* _YOUR ASSIGNMENT_:
Skip every image and restate the data word for word.
[[ EXERCISE DATA, beginning ]]
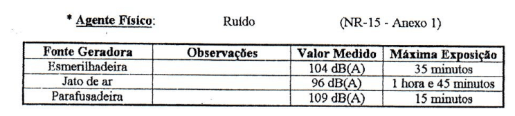 É normal ter em mãos um laudo técnico ou formulário PPP que indique mais de um nível de ruído, como no exemplo abaixo:
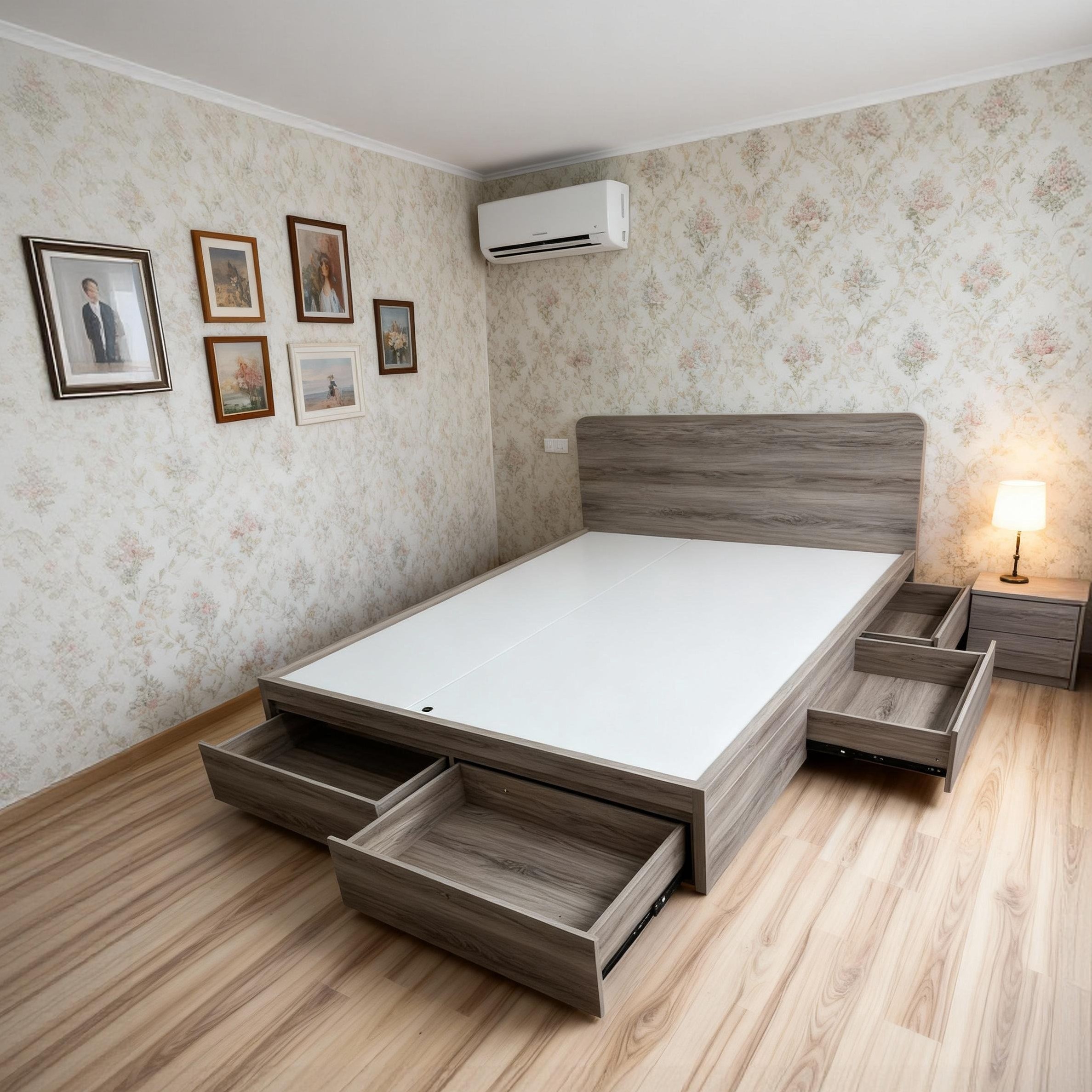 Giường Ngủ Gỗ MDF Phủ Melamin + 4 Ngăn Kéo
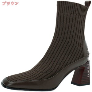 【スなシルエットを実現するニットブーツ】ニット素材のブーツシャフトは、足首とふくらはぎにぴったりとフィットし、美しい脚のラインを生み出します。これにより、脚を細く見せることができ、スタイルアップに貢献します。 【安定した太ヒールで快適...
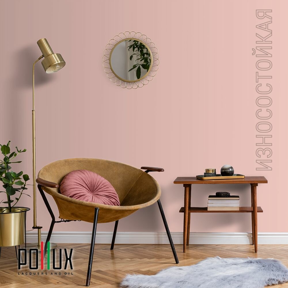 Краска моющаяся интерьерная для стен и потолков, Pollux INTERIOR без запаха, быстросохнущая, акриловая, матовое покрытие, цвет NCS S 1580-Y90R, 1л.
[[ EXERCISE DATA, end ]]
* _EXERCISE ANSWER_:
 É normal ter em mãos um laudo técnico ou formulário PPP que indique mais de um nível de ruído, como no exemplo abaixo:
 Giường Ngủ Gỗ MDF Phủ Melamin + 4 Ngăn Kéo
 【スなシルエットを実現するニットブーツ】ニット素材のブーツシャフトは、足首とふくらはぎにぴったりとフィットし、美しい脚のラインを生み出します。これにより、脚を細く見せることができ、スタイルアップに貢献します。 【安定した太ヒールで快適...
 Краска моющаяся интерьерная для стен и потолков, Pollux INTERIOR без запаха, быстросохнущая, акриловая, матовое покрытие, цвет NCS S 1580-Y90R, 1л.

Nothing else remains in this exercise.